# Check Your Battery Stores



## GaryS (Nov 15, 2011)

We're in the midst of moving into a new house, so as I packed things away, I visually checked all the dry cell batteries we have in storage. Most are around two-three years old, but some were purchased within the past year. I found more than a dozen had corroded inside the factory packaging. Some multiple packs had more than one battery leaking, so all in the pack are probably bad. If so, as many as 100 batteries could be bad.

I have no idea when each was purchased as I didn't check the package dates when they went into storage, so some packs may not have been fresh when I got them. At the price of multiple packs, you can bet I will be checking from now on!

FWIW, most of the bad ones were Rayovac, but a couple were other major brands. All sizes were affected.


----------



## db2469 (Jun 11, 2012)

The Duracell Durolock batts sound good to me and I've bought a lot...the Ds have a guaranteed shelf life of 10 years, the AAs 7...price is better on Amazon than I found at Walmart...


----------



## Viking (Mar 16, 2009)

db2469 said:


> The Duracell Durolock batts sound good to me and I've bought a lot...the Ds have a guaranteed shelf life of 10 years, the AAs 7...price is better on Amazon than I found at Walmart...


 The only batteries that I have ever had good results storing over long periods of time are Duracell and Panasonic brands. As much as the Energizer Bunny has pimped Eveready batteries I just have not had them last very long and many within the use by date have leaked in my flashlights and radios. The best prices for Duracell batteries has been from Costco, I haven't tried their Kirkland brand batteries but it may be that they are made by Duracell.


----------



## Justaguy987 (Mar 2, 2013)

Viking said:


> The best prices for Duracell batteries has been from Costco, I haven't tried their Kirkland brand batteries but it may be that they are made by Duracell.


Not sure who makes them, but they do not last nearly as long as Duracell. We tried them then went back to Duracell. Now we use eneloop rechargeable in everything I can think of.


----------



## LincTex (Apr 1, 2011)

GaryS said:


> FWIW, most of the bad ones were Rayovac,.


The same brand our company supplies us to run our flashlights and test equipment.

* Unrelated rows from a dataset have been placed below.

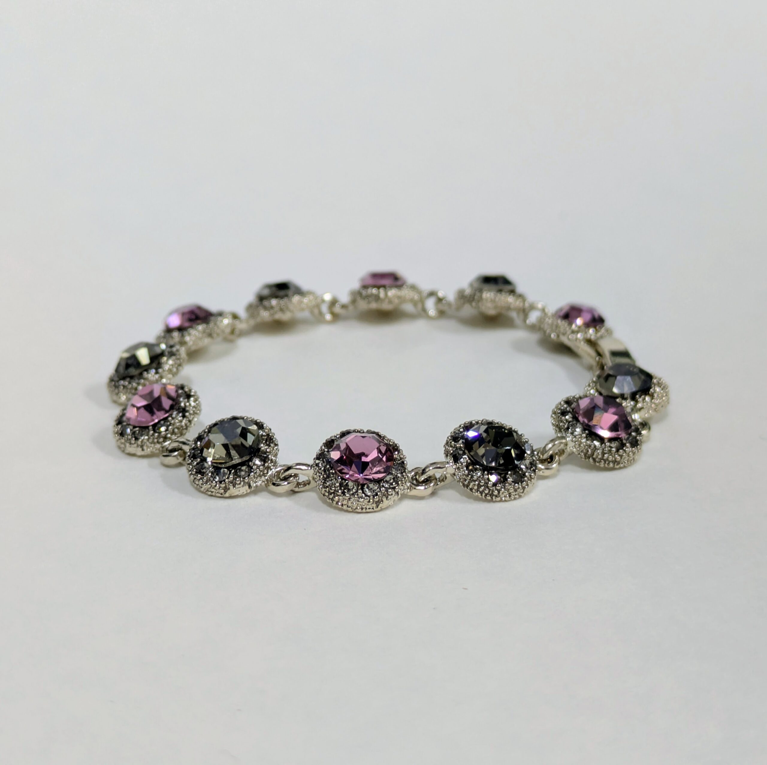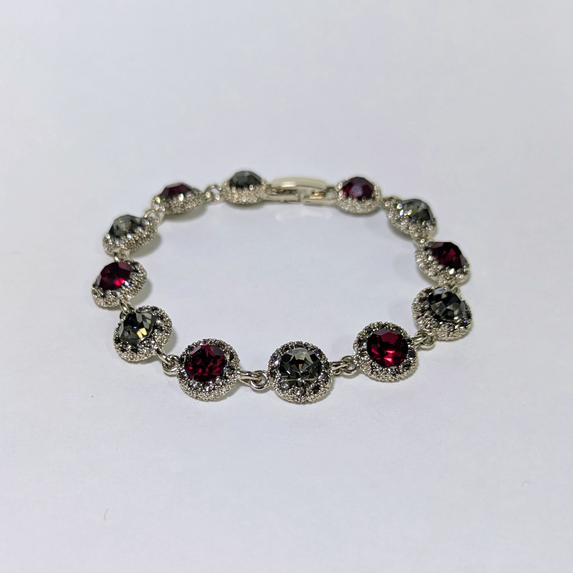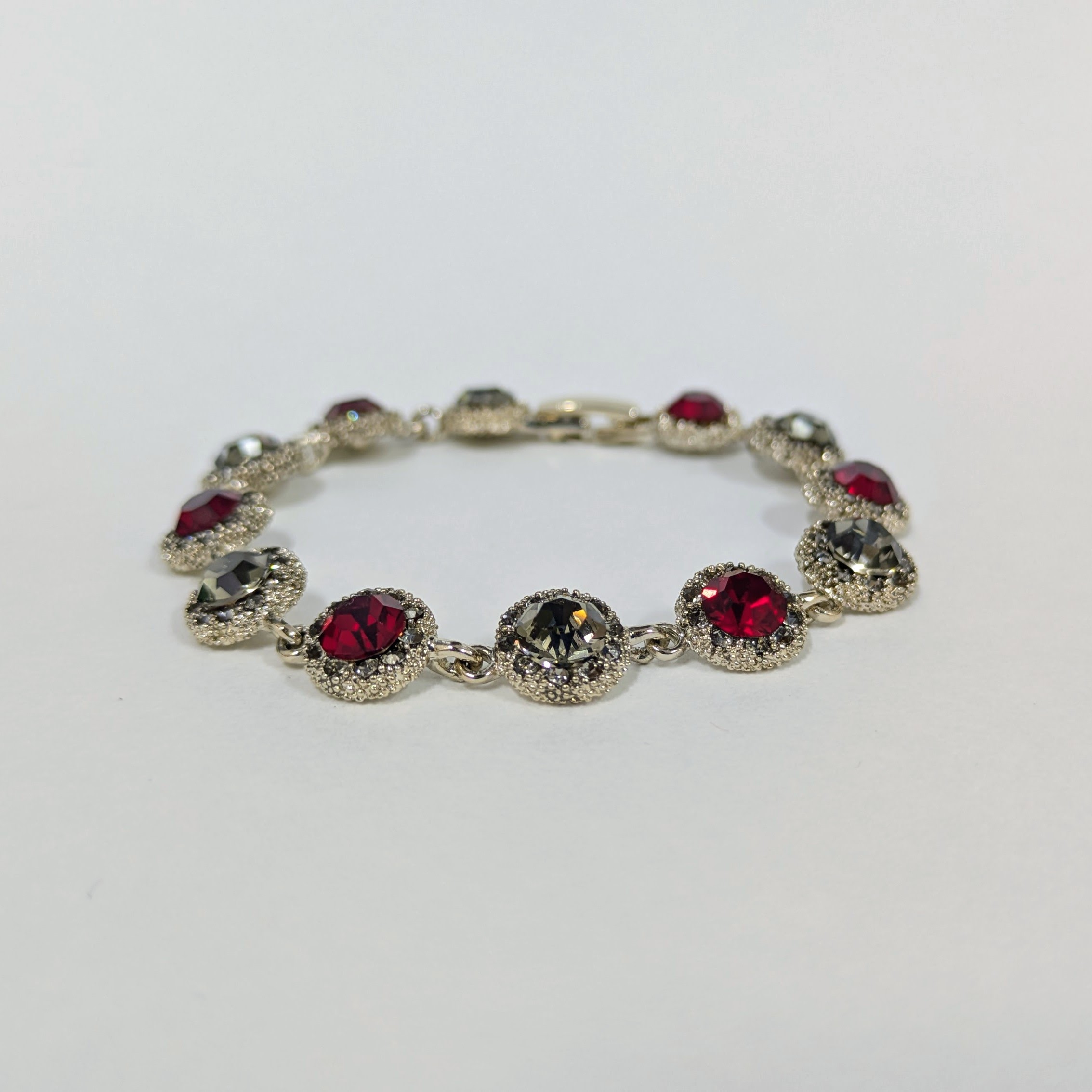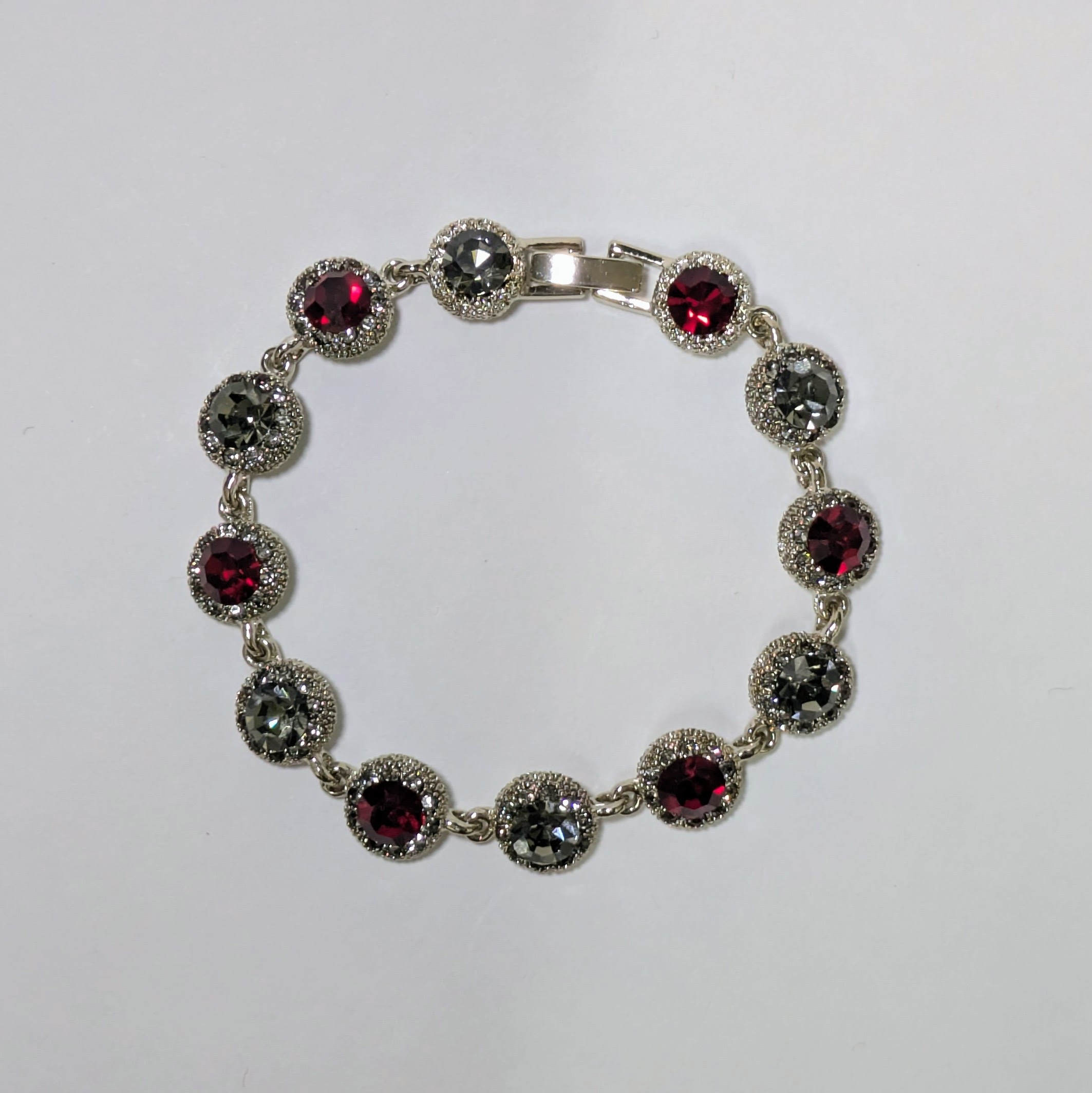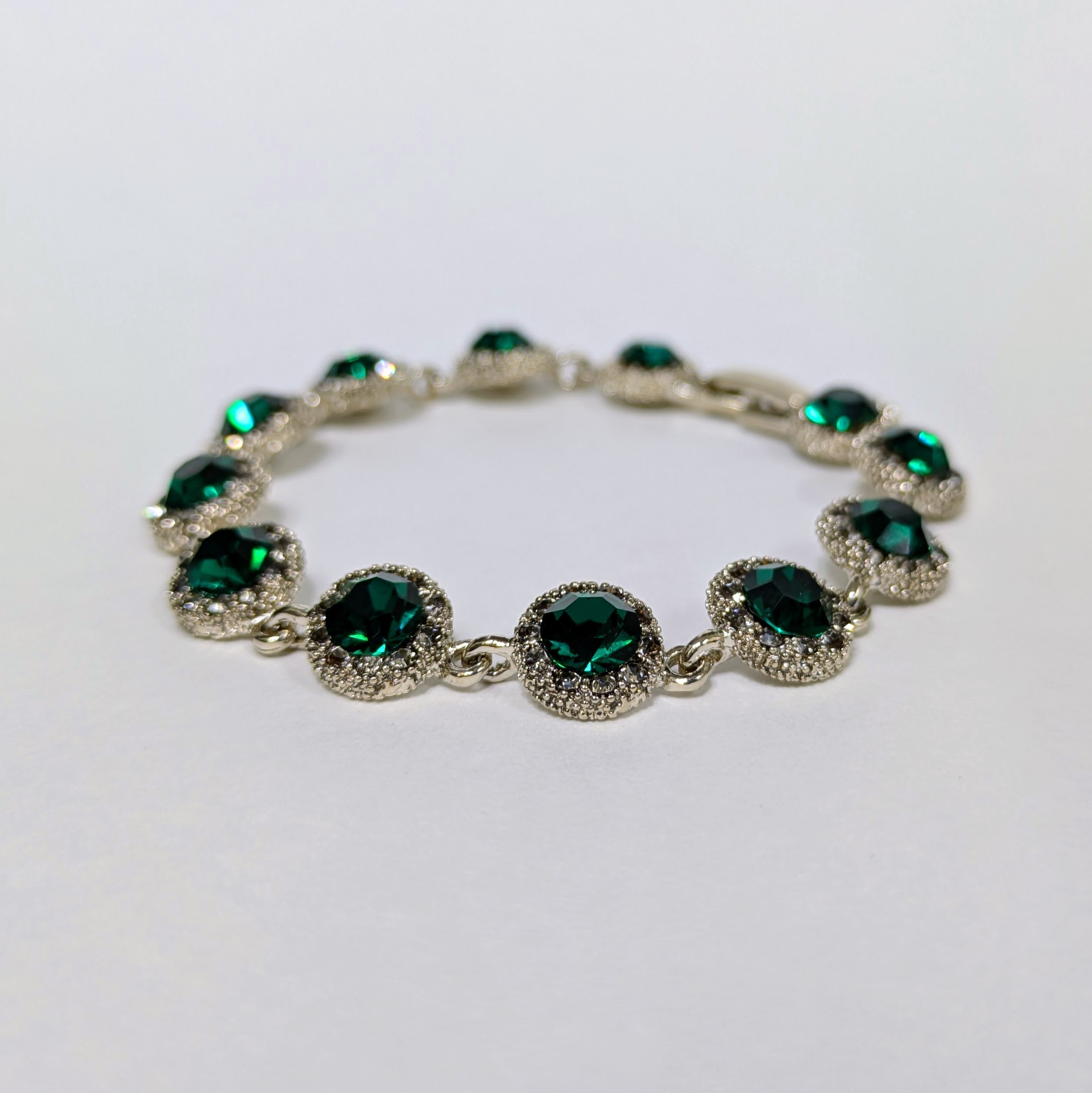 The Gemma Collection Bracelets feature dazzling round-cut crystals in vibrant shades like green, red, pink, navy, grey, and multicolour, all encased in a sparkling silver-tone frame. Elegant yet versatile, these imitation jewellery bracelets add a touch of glamour to both ethnic and western outfits, making them perfect for festive occasions, parties, or everyday sophistication.
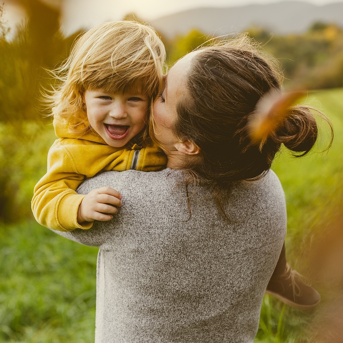 Eine junge Frau steht mit dem Rücken zu Kamera und hat ihre Tochter im Arm.
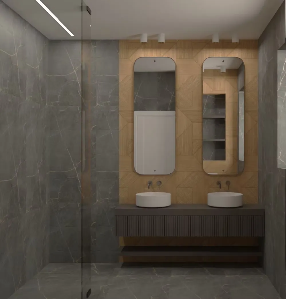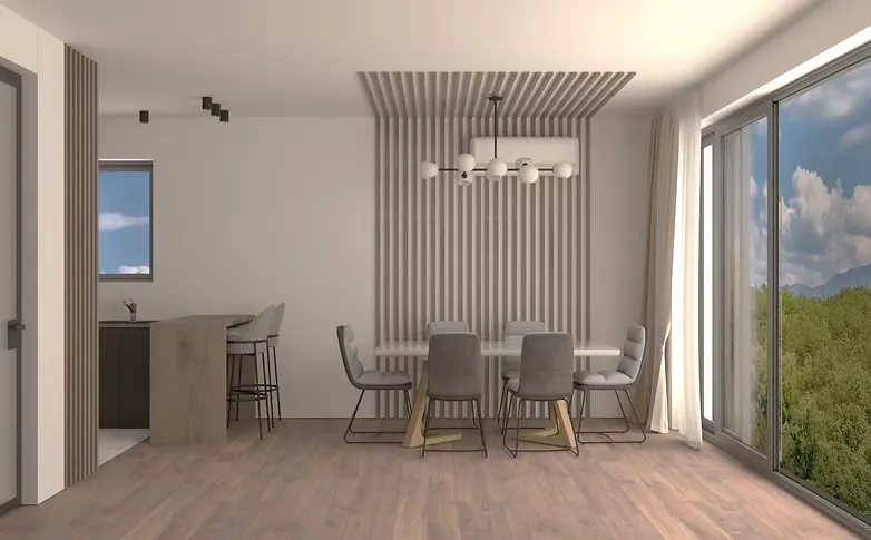 На първия етаж се намират отворена всекидневна, трапезария и модерна кухня, а вторият етаж е предназначен за спалните и личните пространства. Баните са стилни и практични, с интегрирани ниши и стъклени прегради. Тази къща предлага комфорт и съвременен стил за цялото семейство.
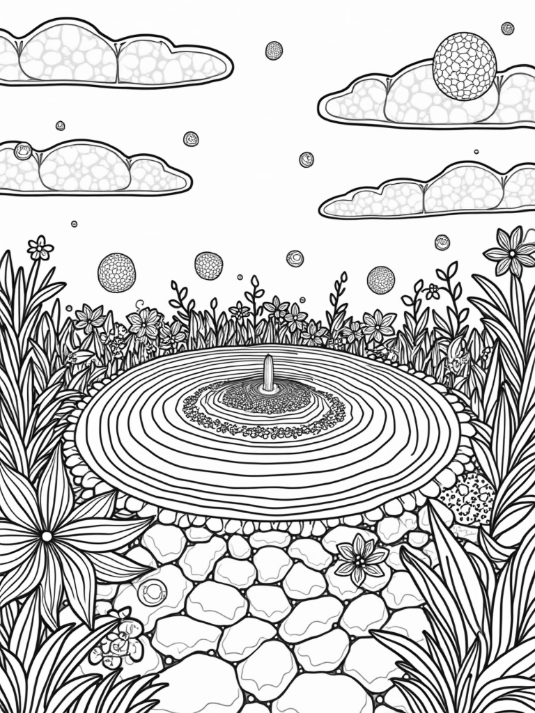 As you color, take your time with the whimsical stepping stones that lead to an ornate sun-shaped fountain. Watch the water cascade in gentle arcs, inviting you to imagine the sounds of nature around you. Don’t forget to have fun with the quilt-like sky filled with circular clouds, each with its own texture and design. There’s so much to fill in and bring to life!
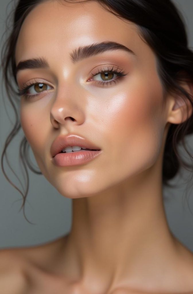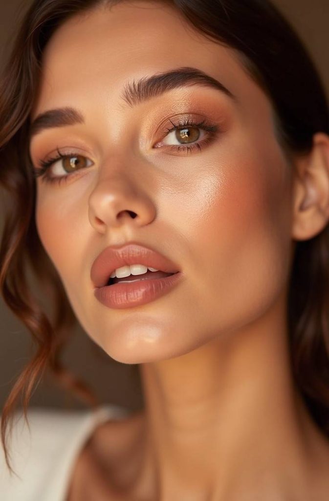 Whether you’re going for a casual outing or a cozy dinner, glossy nude makeup feels modern, romantic, and effortlessly pretty.
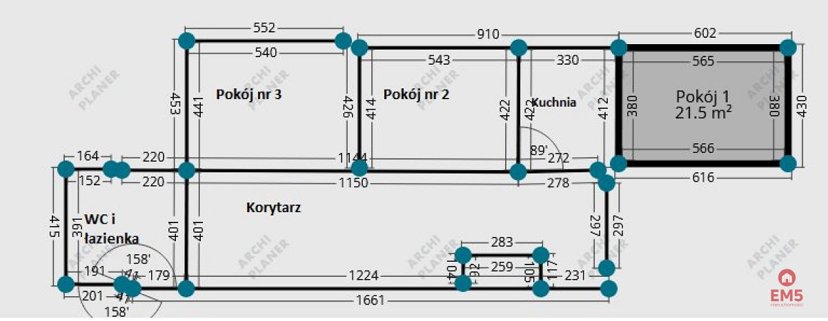 - Układ: 3 niezależne pokoje, osobna kuchnia, łazienka z WC
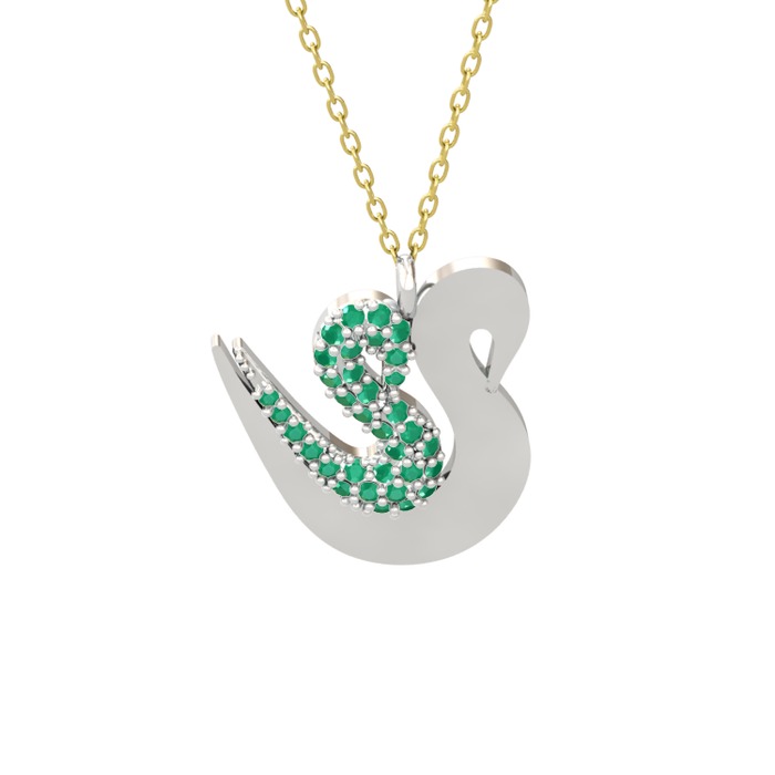 Kök zümrüt 925 ayar gümüş kolye (40 cm altın rolo zincir)
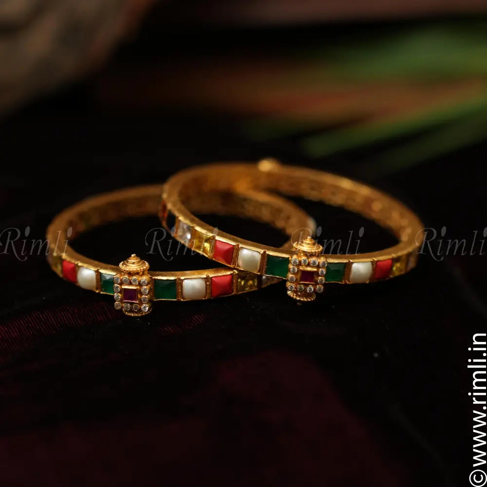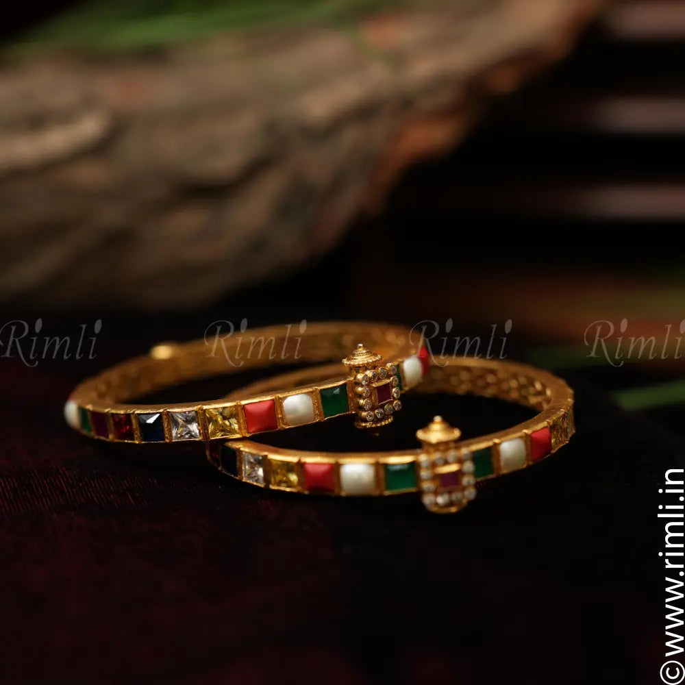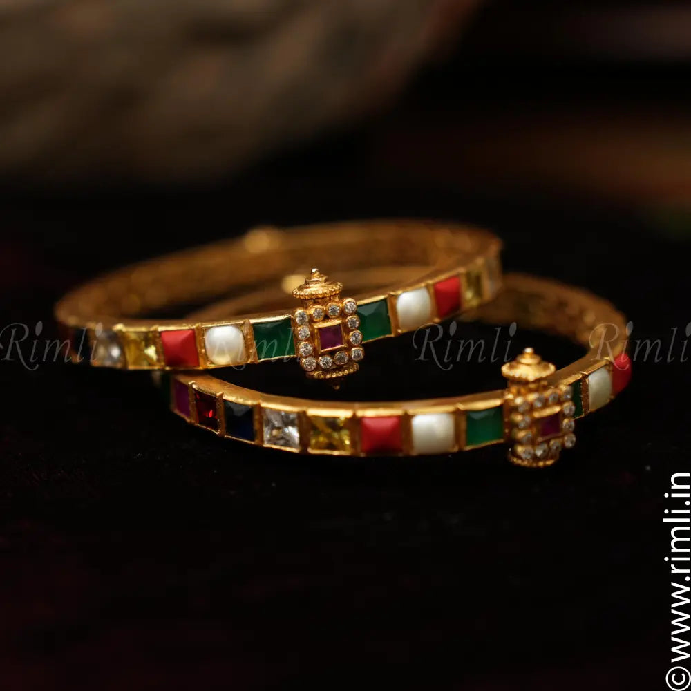 Indulge in timeless elegance with our 92.5 silver screw-type gold-plated pair of bangles. This exquisite piece is adorned with vibrant navratna stones, adding a touch of glamour and tradition to your ensemble. Elevate your style effortlessly.

Total garbage, they leak all the time!!!


----------



## musketjim (Dec 7, 2011)

I use primarily Li-Ion batteries because of their cold weather function. Love them in all my headlamps and outdoor cameras, wish they came in D and C sizes. I use whatever brand is cheapest for my video game controllers and remotes. Between Grandkids and me we chew up some AA's in our Wi controllers.


----------



## Grimm (Sep 5, 2012)

Duracell now has a 10 year guarantee on batteries in storage.


----------



## BillS (May 30, 2011)

I have Duracell's stored too. Sometimes we dip into them and then buy more.


----------



## LincTex (Apr 1, 2011)

musketjim said:


> I use whatever brand is cheapest for my video game controllers and remotes. Between Grandkids and me we chew up some AA's in our Wi controllers.


Uh, Why?? 
We use 2800 or 3000mAh Ni-Mh "AA" from eBay (Chinese) in all of our game controllers. They last quite a while, but there are always a set or two in the recharger! We are recharging "AA" batteries 24/7/365, LOL!!


----------



## Viking (Mar 16, 2009)

I have a Casio wrist watch that my dad had, I got it when he died in 1991, I don't know how long he had it before but it has a Li-Ion battery in it an it's still keeping time and date. Pretty good selling point for that type of battery.


----------



## Navajo (Mar 4, 2013)

Ni-Mh the only way to go....whilce I do have a charger for Alkline,th ey only recharge once good, maybe twice..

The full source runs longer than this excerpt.